Nazdar's 153 wide-format inkjets

Nazdar’s 153 wide-format inkjets

The manufacturer has produced three new inkjet inks for a range of wide-format cartridges.

The company revealed that the three new inks will be introduced at the Sign & Digital UK event, held from 24 to 26 March at the NEC in Birmingham, England, with the inks including the 153 series for Mimaki printers alongside two new UV inks, the 720 and 260 series.

The 153 series is designed for use in Mimaki’s JV3, JV5, CJV and JV33 machines, with “exceptional compatibility, quality and cost-effectiveness” offered alongside a ‘plug and play’ conversion from OEM to Nazdar ink, which involves “simply swapping out” the OEM cartridges with Nazdar replacements “as they run out”, with “no profile changes” required due to the new inks being “an exact colour and performance match to the OEM inks”.
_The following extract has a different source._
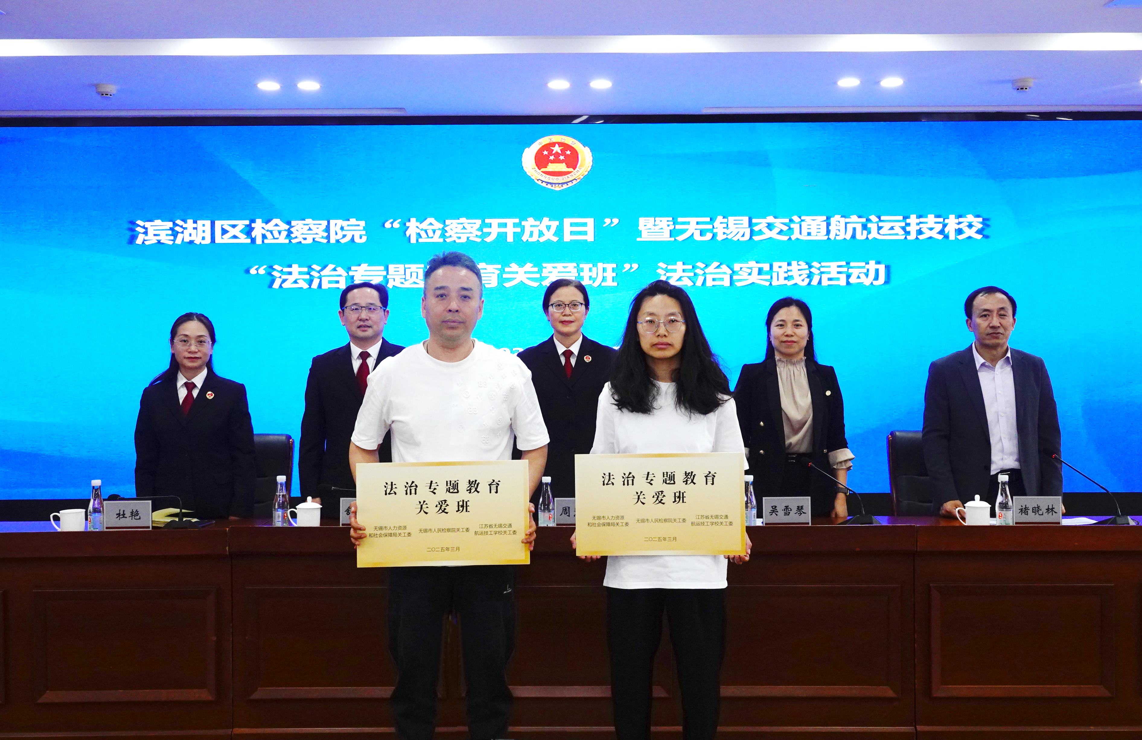 为强化青年学生法治教育,助力青少年健康成长。4月9日下午,“法润心田,护航青春”滨湖区检察院“检察开放日”暨学校“法治专题教育关爱班”法治实践活动,在无锡市滨湖区人民检察院顺利开展。此次活动由学校关工委、无锡市人民检察院关工委、无锡市滨湖区人民检察院关工委联合举办。无锡市人民检察院、三级高级检察官周慧娟,学校党委委员、副校长吴雪琴,无锡市滨湖区人民检察院党组书记、检察长舒广权,无锡市滨湖区人民检察院党组成员、政治部主任杜艳等领导出席活动。
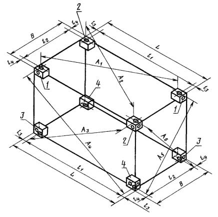 где Fн, Fв - значения сил, действующих на нижний и верхний фитинги при испытании, Н; М - масса брутто контейнера, кг; g = 9,81 м/с2 - ускорение свободного падения; n - число ярусов контейнеров при штабелировании. 13. Виды и характер допускаемых остаточных деформаций и дефектов после испытания фитингов на прочность - по технической документации, утвержденной в установленном порядке. 14. Фитинги предъявляют к приемке партиями, состоящими из отливок одной или нескольких плавок, выполненных на одной шихте по одинаковой технологии, прошедшие термообработку по одному режиму. Общее число фитингов в партии должно быть не более 800, в том числе каждого исполнения не более 200. Для проверки соответствия фитингов требованиям настоящего стандарта предприятие-изготовитель должно проводить приемочный контроль: - внешнего вида на соответствие требованиям пп. 5 - 9 - сплошной; - размеров на соответствие требованиям пп. 5 - 7 - по рабочим чертежам, утвержденным в установленном порядке, и п. 9 по соответствующей нормативно-технической документации; - химического состава и механических свойств стали на соответствие требованиям п. 10; - качества отливок - неразрушающим дефектоскопическим контролем по технической документации предприятия-изготовителя, утвержденной в установленном порядке, - в объеме 2 % фитингов от партии, но не менее чем на трех фитингах каждой плавки; - прочности на соответствие требованиям пп. 12, 12.1 - 12.3, 13 и соответствия массы фитинга технической документации предприятия-изготовителя - в объеме 1,5 % от партии фитингов каждого исполнения. 15. Каждый фитинг должен иметь маркировку. Маркировка должна содержать: - товарный знак или условный номер предприятия-изготовителя; - номер плавки; - две последние цифры года изготовления; - условный монтажный номер. Маркировку размещают так, чтобы она четко была видна после установки фитингов на контейнере. Способ и место нанесения маркировки, размер шрифта должны быть указаны в рабочих чертежах предприятия-изготовителя. ПРИЛОЖЕНИЕ 1Обязательное Расположение фитингов на контейнере

The 720 series meanwhile is UV inkjet ink “engineered with low-odour ingredients” while “maintaining the ultimate in adhesion characteristics”, as well as being “very flexible”, which “makes it perfect” for applications including pressure-sensitive vinyl, banners and window clings. The ink is resistant to “edge chipping”, so can also perform well on “rigid materials”, and offers “outstanding adhesion to acrylic materials”; and is available in six or nine colour sets, with the six including white and clear and the nine including orange, green and violet.

Finally, the 260 series UV inkjet ink is designed for “plug-and-play” compatibility with the Roland EcoUV inkjet set in 220ml cartridges including the four process colours and clear and white. The inks are also available in one litre containers for “non-heated printhead” printers, with the one litre sets including light cyan and light magenta; and are designed to be cured with a 395 nanometre LED lamp.

Martin Burns, Global Market Segment Manager  for Digital Solvent and Aqueous at Nazdar, commented: “The addition of the 153 Series – in conjunction with the suitability of our 133 Series for the JV33, CJV and JV300 – puts the Nazdar ink offering in the strongest of positions from which to serve the wide format market.

“Nazdar can now offer better value ink options for all the major solvent inkjet printers, increasing the competitiveness and profitability of our users. Not only are these users buying better value inks from a prestigious UK manufacturer, they also have the back up and support of the strongest ink warranty in the market.”

Rich Dunklee, Global Market Segment Manager for UV Inkjet at Nazdar, added: “The two new Nazdar UV products offer different but important advantages for the user. The 260 series is about giving convenience, ease of use and maximum savings when installed in Roland EcoUV printers and has excellent characteristics for use on a wider range of platforms.

“The 720 series however is very much geared towards providing enhanced print features such as colour, adhesion, flexibility and chip resistance. We see the 720 as an ink upgrade for a wide range of UV printers including HP, Durst and Agfa.”